Century21(センチュリー21)について調べてみた

センチュリー21は、全国に921店舗あるフランチャイズ経営の不動産会社だ。

ここではジャスダックに上場しているセンチュリー21・ジャパンの決算から、売上高や利益、売買仲介手数料、取扱件数を調べ、フランチャイズのセンチュリー21がどんな会社なのか調べてみた。

 

センチュリー21とは?

センチュリー21は、1971年にアメリカで誕生し、現在は76の国と地域に7000店舗、従業員数10万6000人を有する世界最大級の不動産流通ネットワーク(フランチャイズ経営)だ。

センチュリー21

日本では1983年に伊藤忠商事がセンチュリー21と提携(センチュリー21・ジャパンは伊藤忠商事が44.6%の株を持つ筆頭株主)、1984年に12店舗からスタートし、2017年3月末時点現在、国内921店舗がフランチャイズ加盟している。
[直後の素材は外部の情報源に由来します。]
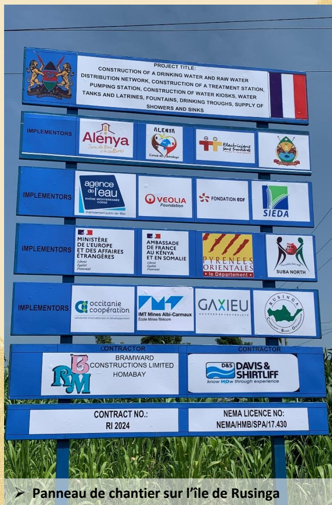
➤ Panneau de chantier sur l'île de Rusinga

2001年にジャスダックに上場(8898)。

センチュリー21店舗数

他の不動産FCとの違いとして、直営店を有していないことが大きな特徴だ。直営店の数が少数というフランチャイズは多く存在するが、同社のようにひとつも持たないフランチャイズの事業形態をとっている会社は、不動産に限らず国内ではほとんど見られない。つまり、街で見かけるセンチュリー21は、看板こそセンチュリー21だが、それぞれ独立した不動産屋である。

フランチャイズ(FC)とは?

フランチャイズとは、事業者(フランチャイザー:ここではセンチュリー21)が他の事業者(フランチャイジー:ここでは加盟する不動産会社)との間に契約を結び、自己の商標、サービスマーク、トレード・ネームその他の営業の象徴となる標識、および経営のノウハウを用いて、同一のイメージのもとに商品の販売その他の事業を行う権利を与え、一方、フランチャイジーはその見返りとして一定の対価を支払い、事業に必要な資金を投下してフランチャイザーの指導および援助のもとに事業を行う両者の継続的関係をいう。
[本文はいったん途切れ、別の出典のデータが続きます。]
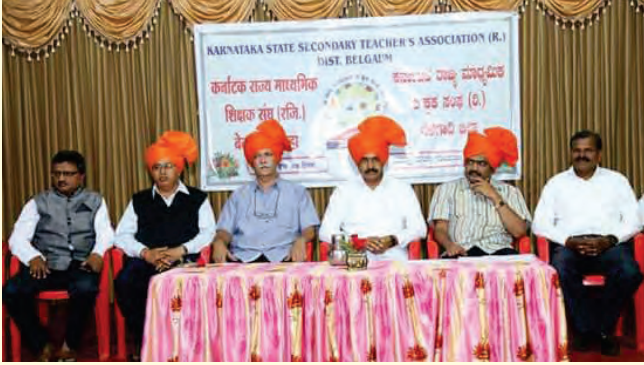
ಬೆಳಗಾಂ ಜಿಲ್ಲಾ ಘಟಕದ ರಚನೆಯ ಸಭೆಯಲ್ಲಿ ಗಣ್ಯರು.

フランチャイズでチェーン店舗展開することをフランチャイズチェーン(FC)という。

簡単にいうと、新規で不動産売買や不動産賃貸を行う不動産会社を立ち上げるとき、知名度もノウハウもないので、知名度のあるセンチュリー21の看板を借りてお店を出し、ノウハウを教わる代わりに対価を支払うのがフランチャイズということになる。

ここでのノウハウとは、経営者や営業マンへの教育・研修、各種ITシステムの利用、加盟店で利用できる金融サービスや顧客サービスの利用などを意味している。
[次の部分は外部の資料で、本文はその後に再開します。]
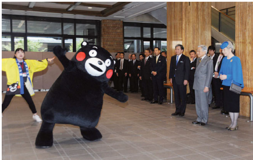
Abb. 2: Eine Kumamon-Aufführungssituation für den (und mit dem) Tennō; http://www.huffingtonpost.jp/2013/10/28/kumamon_n_4168883.html (letzter Zugriff: 7. Juni 2017).

Theresa Schmidtke und Martin Stobbe anhand von Actionfiguren gezeigt haben, ist die „performative Aktualisierung“ (Schmidtke/Stobbe 2014, 89) ein Aspekt der narrativen Partizipation, „der in bisherigen Forschungsbeiträgen zu transmedialen Storyworlds noch kaum beachtet worden ist“ (Schmidtke/Stobbe 2014, 89). Der Einschätzung, dass es sich dabei aber lediglich um „Satelliten“ der jeweiligen Franchises handelt (Schmidtke/Stobbe 2014, 96), sollte – mindestens im japanischen Kontext – skeptisch begegnet werden; schon alleine, da hier vielfach ohnehin nicht (bestimmte) Storyworlds im Vordergrund stehen. Wie Ito Mizuko in vielen Aufsätzen herausgestellt hat, ist es eben diese Instrumentalisierung von alltäglichen Spiel- und Vorstellungspraxen, in der die Besonderheit japanischer media mix -Franchises gesehen werden kann: „mobilizing the imagination in everyday play“ (Ito 2008, 397). Kyara -Produkte dienen damit nicht nur dem intendierten Zweck, als private Imaginationenobjekte zu fungieren. Sie sind sogar „explicitly designed to allow for user-level reshuffling and reenactment“ (Ito 2008, 404).

センチュリー21に支払う対価としては、加盟時に契約金300万円(5年契約)、広告基金拠出金(テレビCMなど)が月に10万円売上(受取手数料)の6%を支払うこととなっている。

 

センチュリー21のFC経営は儲かっているのか?

2017年3月期(2016年4月〜2017年3月)の決算は以下の通りだ。

2017年3月期(前期比) 2016年3月期
営業収益 41億5800万円(+8.2%) 38億4200万円
営業利益 13億4500万円(+12.4%) 11億9700万円
経常利益 14億1100万円(+11.7%) 12億6400万円
当期純利益 9億4000万円(+10.4%) 8億5100万円
店舗数 921(+21店) 900

営業収益、純利益、店舗数ともに過去最高の数字だった。売買取引で取引件数が増加したこと、加盟店数の増加によりフィー(手数料)が増えたことによる。

売上高と営業収益の違い

売上高と営業収益の違いについて明確な区分は難しいが、簡単に言うと、製品や商品など有形物を販売する場合には「売上高」として表示する。一方、無形のサービスや手数料などを提供した場合の対価は通常、「営業収益」として表示される。センチュリー21は、フィー(手数料)ビジネスがメインの売上になるので営業収益ということになる。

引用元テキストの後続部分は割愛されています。